Exercise details → Pictures aside, return every line below exactly as written.

Provided data →

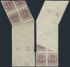 1919 wydanie w walucie markowej, marginesowy czworoblok prób znaczka za 15 fen. w kolorze oliwkowoszarym, dwie dolne próby z silnym odciskiem listwy ochronnej, gwarancja - nie podniesiona,. | Fi.88 P9 Mi.92 |
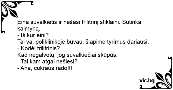 Eina suvalkietis ir nešasi trilitrinį stiklainį. Sutinka kaimyną.
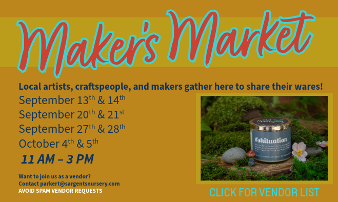 Please Note: if you’ve purchased a ticket for an event and you’re unable to attend, please contact us at sargents@sargentsnursery.com and we will issue you a refund in the form of a Sargent’s gift card.

Problem solution →
 1919 wydanie w walucie markowej, marginesowy czworoblok prób znaczka za 15 fen. w kolorze oliwkowoszarym, dwie dolne próby z silnym odciskiem listwy ochronnej, gwarancja - nie podniesiona,. | Fi.88 P9 Mi.92 |
 Eina suvalkietis ir nešasi trilitrinį stiklainį. Sutinka kaimyną.
 Please Note: if you’ve purchased a ticket for an event and you’re unable to attend, please contact us at sargents@sargentsnursery.com and we will issue you a refund in the form of a Sargent’s gift card.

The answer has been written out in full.